It’s ALL Part of the Plan
I’m taking inspiration for this week’s post from the weather. It’s the perfect example of something that affects me daily but is totally beyond my control.
Naturally, I have my preferences, as most of us do.
I’m in the minority in that I like the cold, wet, cloudy, grey and dark. Generally, I disagree every time a friend declares the forecast to be fabulous or miserable. What can I say? I’m a misfit. I find the moon and clouds to be enchanting and the sun something to be avoided. If everyone is headed for the beach, I’d rather be inside and vice versa.
Yet I recognize that all of it is part of the Plan.
Not my plan, mind you. Else we’d have winter 6 months of the year and 2 weeks of summer. Fortunately for you, there is Nature’s Plan. And I believe it’s all part of that Plan, even the weather we dislike and the disruptions it brings.

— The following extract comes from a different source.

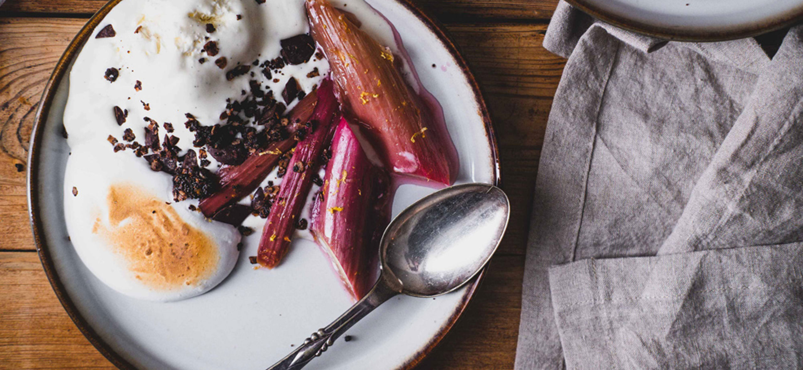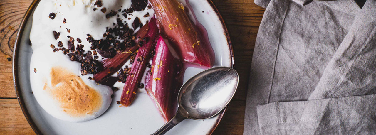 Pocheret rabarber med softice, marengs og crumble

Recently I changed a visit to my parents’ house because intense rain was predicted during my drive. As much as I enjoy the rain most of the time, I don’t love it when I’m on the highway and I can’t see well. Hindsight proved the forecast to be somewhat alarmist, and the extreme showers didn’t occur until hours later. I could have easily gone when I had originally intended to and not experienced any more anxiety than I normally have when hurtling down the road at high speeds amongst a bunch of strangers.

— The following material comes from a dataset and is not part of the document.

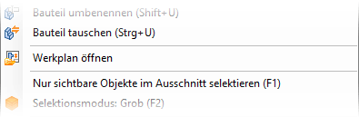 Selektieren Sie zusätzlich ein 3D-Objekt, welches kein Bauteil ist, werden diese Optionen nicht angezeigt.

A few days ago, I hoped to go for a hike, but it was crazy windy and quite cold. I postponed my trip to the woods and went the next day when it was warmer than I’d have liked, but still part of the Plan. It was also crazy muddy because of all that rain, and I was tempted to bemoan the soggy trail and the mess my boots would make when I returned to the car.
And then I remembered this too is part of the Plan.
I later saw a hint of the Plan. Lush spring-green plants growing in the mud, just like lotus flowers do. You can’t have one without the other.
And the little creek was bursting.
As I often tell my clients who wonder where their ailments originated, this information is often above my pay grade. I don’t know the Plan. Why should I? I’m a mere intern and Mother Nature the CEO. She doesn’t explain herself to me.
Letting go of the idea that certain conditions are “good” and others “bad” is easier when you trust that there is a benevolent force who has a Plan which is simply not my business to know.
I’m attempting to stop fighting against the Divine Plan. I don’t always succeed, and I certainly don’t always like the weather conditions. I didn’t love the mud I encountered unexpectedly today or the gnats that circled my head while I was sitting in the (shady!) grass getting grounded. But I caught myself and (mostly!) let go of my complaints. Who am I to say that gnats and mud aren’t part of the Plan?